Every business has a number. Now I’m the numbers guy, so of course I’d say something like that. I’ve even written before about key performance indicators (KPIs) and how crucial they are to managing any business. I’ve discussed the ways in which numbers help our clients keep score of monthly, quarterly, and yearly results. And all those numbers are important and relevant, and I hope you’re already using them.

But today I want to talk about your unique number. The one that describes your specific business at a specific time on a specific date. The number that instantly allows you to assess the financial and operational health of your business, right now, right here. Every business has one. It is the number that is particular to your business model and the way you operate your business. I’m talking about the number that functions like the pulse of your business. Do you know your company’s pulse?

You have start by answering the question, “How do I make money?” I deliver services. I sell products. I drive a car. No, really answer the question. If you’re a consultant, it’s not enough to say you sell services. You typically make money by turning time into cash. You spend hours and minutes on behalf of your client and somehow that time gets turned into an invoice for services rendered which turns into cash in the bank. And that’s true for the consultant whether you send a bill for actual time and materials or charge a flat fee. I know because I am one.

In our firm, we are relentless in tracking time and monitoring billable hours. Because we turn billable hours into cash in the bank. We make a monthly forecast of our billable hours. We monitor billable time by person and for the entire company several times a week. This number is our pulse. After one week of activity we can monitor the billable hours and assess them against where we thought we’d be. And here’s the good part, this number is so central to the health of our business that we can take immediate corrective actions if we need to. And we have altered the work assignments and work schedules to get ourselves back on track.

So what’s your pulse rate? If you don’t know where or how to take this vital sign for your business, I hope you’ll reach out and ask me help. In the meantime, I direct you back to the question – How do you make cash?

  • If you’re FedEx you make cash by honoring a promise to deliver some physical object from point A to point B on or before a specific date and time. Your pulse number probably has something to do with the percentage of packages delivered on time.
  • If you’re Jiffy Lube you make cash by quickly assessing the health of my car’s engine and offering solutions to problems that you can deliver right now while I wait. Many of them beyond the mere oil change I drove in for. Your pulse number probably has something to do with the numbers of cars serviced in a day combined with the dollar amount of services sold to each customer.
  • If you’re Advocate Health and operate hospitals, you make cash by providing medical services and acquiring reimbursement from insurance companies. Your pulse number probably has something to do with the ratio between the dollar value of claims submitted and the dollar value of claims received.
  • If you’re Lettuce Entertain You, you make cash by delivering delicious food quickly and politely to justify the long wait I had at the bar. Your pulse number probably has something to do with the quantity of people served in an evening combined with the average dollar amount of food consumed by each person.

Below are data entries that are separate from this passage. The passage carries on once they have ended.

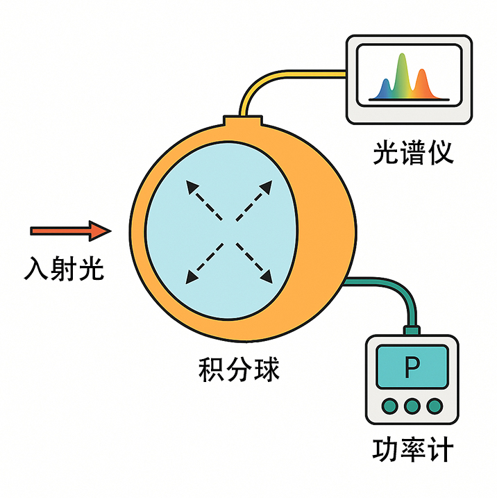 (1)功率探測器:安裝在積分球的一個端口上,通常是經(jīng)過校準(zhǔn)的硅光電二極管或InGaAs探測器(根據(jù)波長選擇),來測量分析光功率。
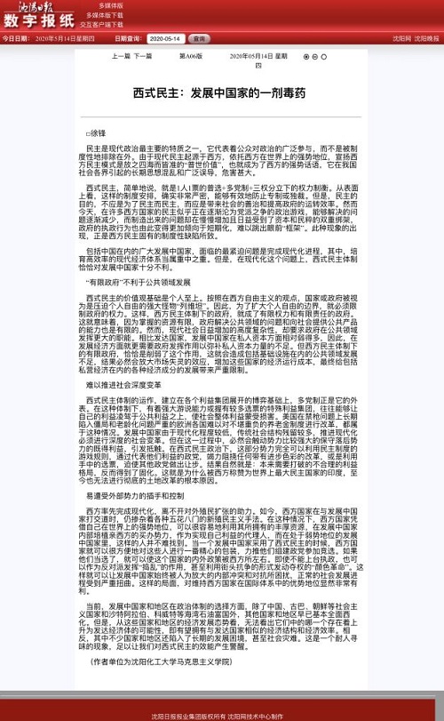 5月14日,万象城马克思主义学院特色理论教研室主任徐锋副教授在《沈阳日报》理论版发表题为《西式民主:发展中国家的一剂毒药》的理论文章。文章针对宣扬西式民主的错误社会思潮,鲜明指出西式民主体制对包括中国在内的广大发展中国家而言有害无利。徐锋副教授从西式民主的“有限政府”不利于公共领域发展、难以推进社会深度变革、西式民主使发展中国家更易遭受外部势力的插手和控制三个方面论述了西式民主对发展中国家的不利因素。文章指出,从已经西化的发展中国家和地区的经济发展态势看,均不存在上升为发达经济体的可能性,相反,其中不少国家和地区还陷入了长期的发展困境,甚至社会灾难。这是一个耐人寻味的现象,足以让我们对西式民主的效能产生警醒。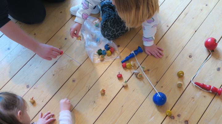 Manipulation de boules de bois d'essences différentes dans l'exposition d’œuvres d'art contemporain en bois tourné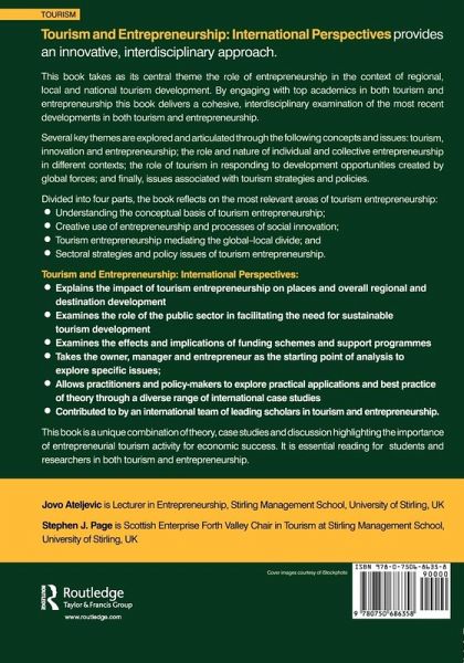 explains the impact of tourism entrepreneurship on places and overall regional and destination developmentexamines the role of the public sector in facilitating the need for sustainable tourism developmentexamines the effects and implications of funding schemes and support programmestakes the owner, manager and entrepreneur as the starting point of analysis to explore specific issuesallows practitioners and policy-makers to explore practical applications and best practice of theory through a diverse range of international case studiescontributed to by an international team of leading scholars in tourism and entrepreneurship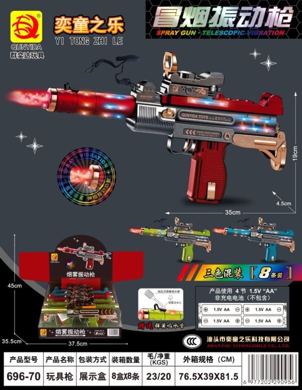 Realistic Smoke Exhaust: The muzzle flashes with red lights and releases a cool mist, mimicking real firing action.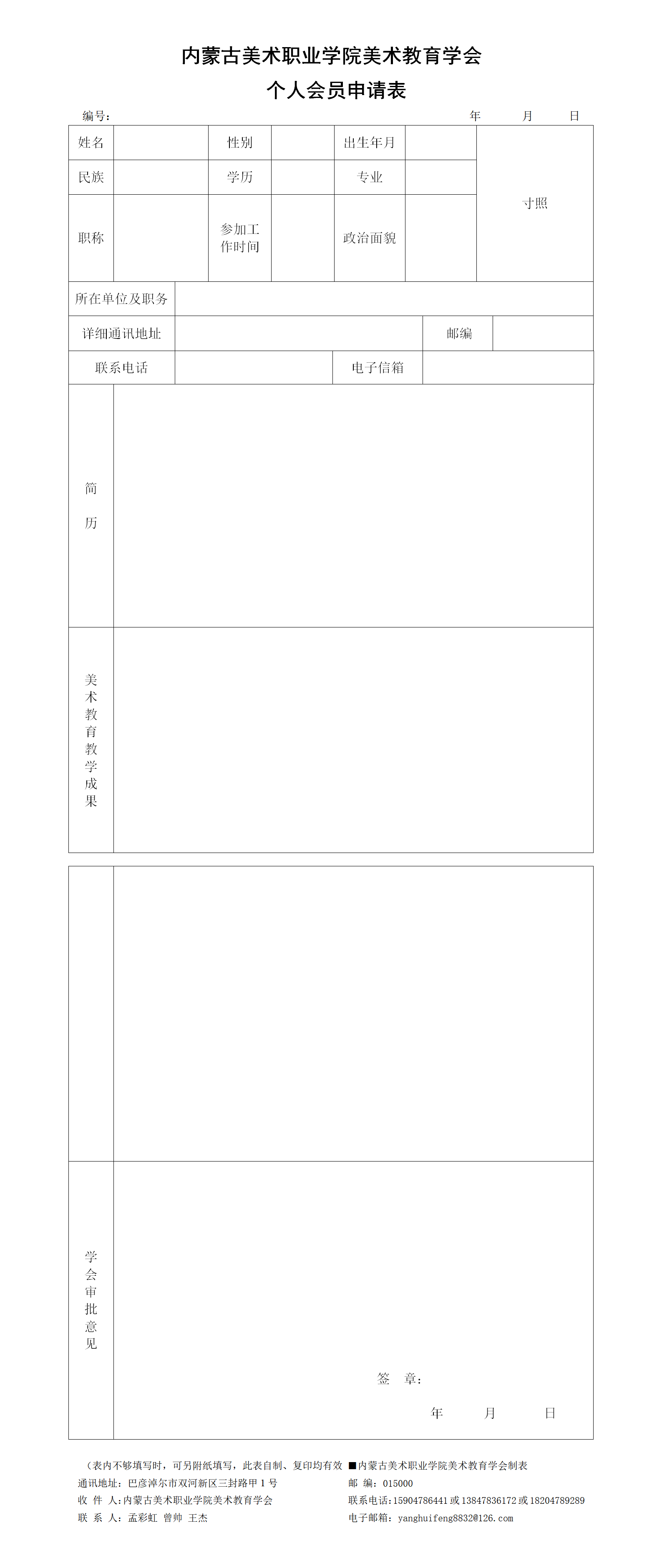 內(nèi)蒙古美術(shù)職業(yè)學(xué)院美術(shù)教育學(xué)會(huì) 個(gè)人會(huì)員申請(qǐng)表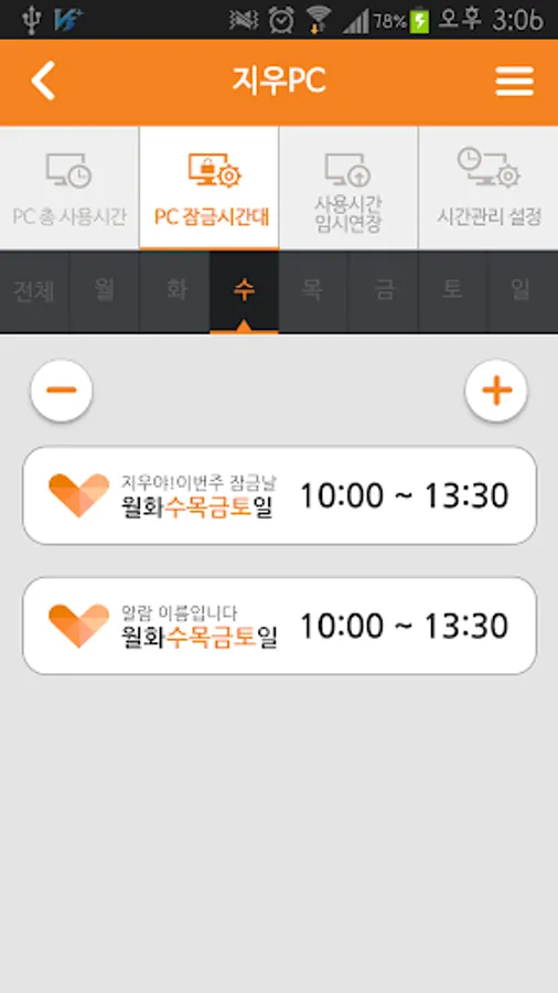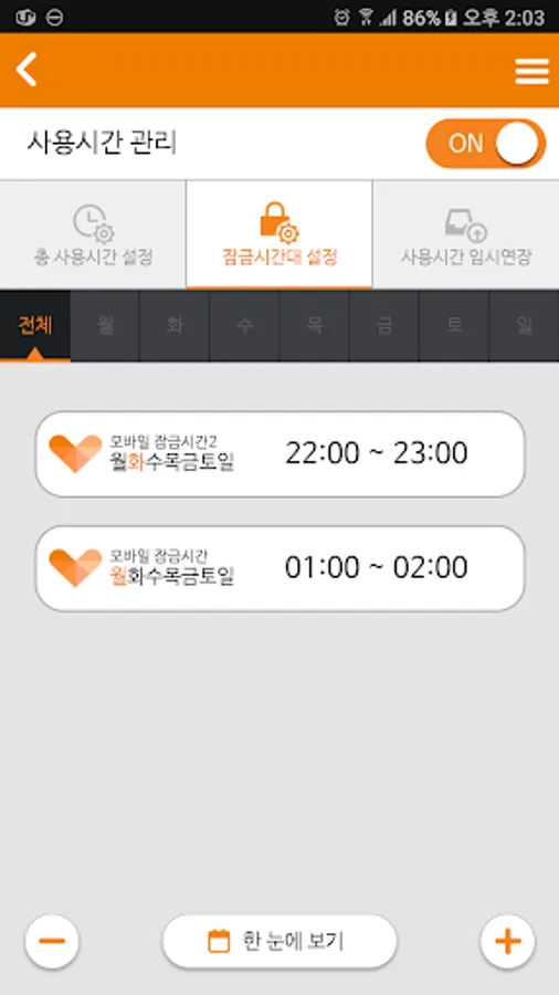 - Daily total usage time management: Set a daily usage time with your children and help them use only the set amount of time.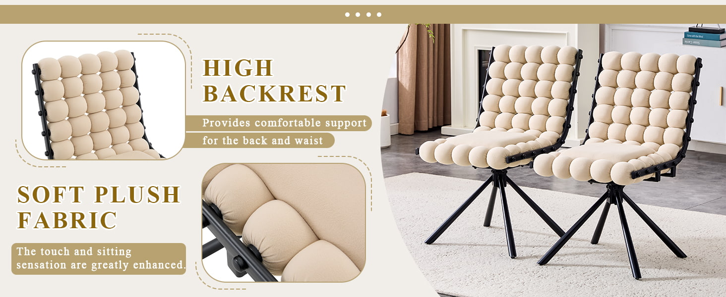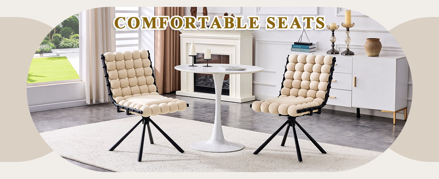 Denne drejelige spisestuestol i fløjl er designet til moderne spisestue, livsstilsinteriør og kommercielle boutique-miljøer. Med et skulpturelt ryglæn med boblepude og glat hollandsk fløjlspolstring kombinerer stolen iøjnefaldende design med hverdagskomfort. Den 360-graders drejefunktion tillader fleksibel bevægelse, mens de robuste metalben og ingen hjulbase giver pålidelig stabilitet til spisestuer, stuer, makeup-områder og cafésæder. Dens ergonomisk buede ryg og højelastiske svampedæmpning hjælper med at fordele kropstrykket jævnt og giver behagelig støtte under længere siddende.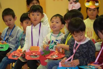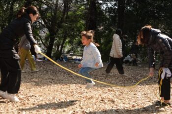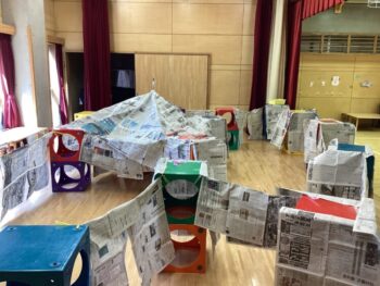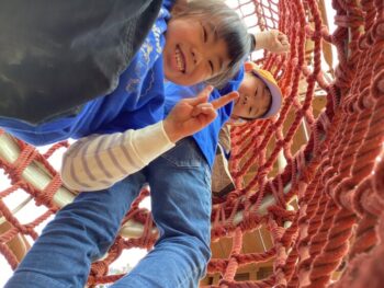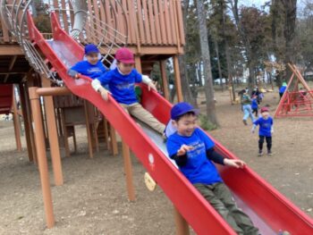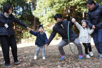 年少桜組は新聞紙あそび、年中菊組は森で色々なアクティビティを行いました。親子で楽しい時間を過ごし、笑顔溢れる一日となりました。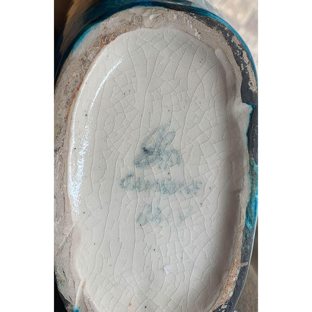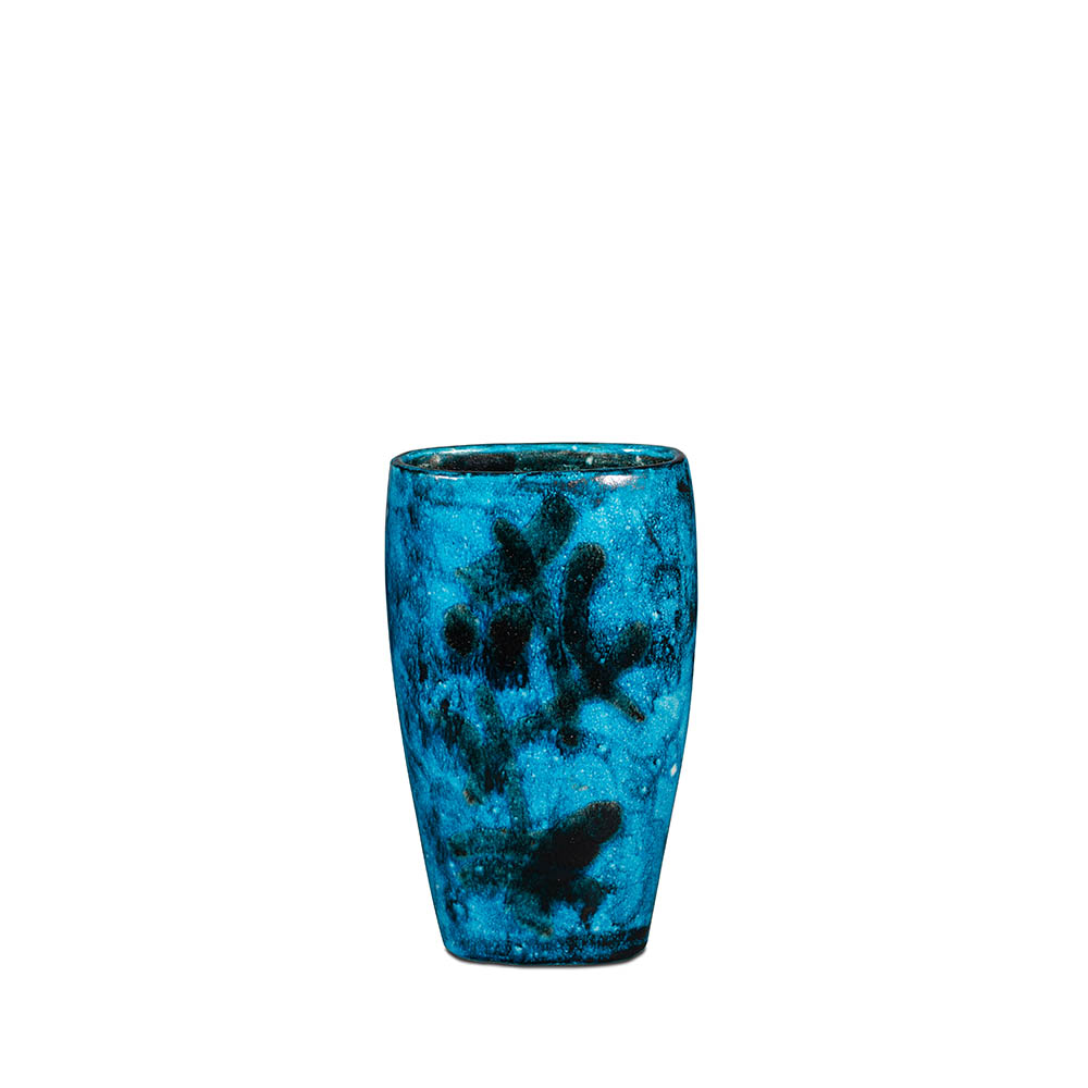 Vaso in ceramica dipinta a smalti nei toni del blu. Firma dipinta sotto la base: Gambone Italy - simbolo dell’asinello

Are you getting my message? Your business, or more distinctly, your business model creates a special way that you turn whatever promise you’ve made to the customer into cash. And you want to have your finger on the pulse of your business by knowing how to measure and monitor that special promise you’ve made. Knowing that number should allow you to make adjustments and corrections before it’s too late.

I’d love to hear what you think your pulse number is. Till then, wishing you lots of positive cash flow.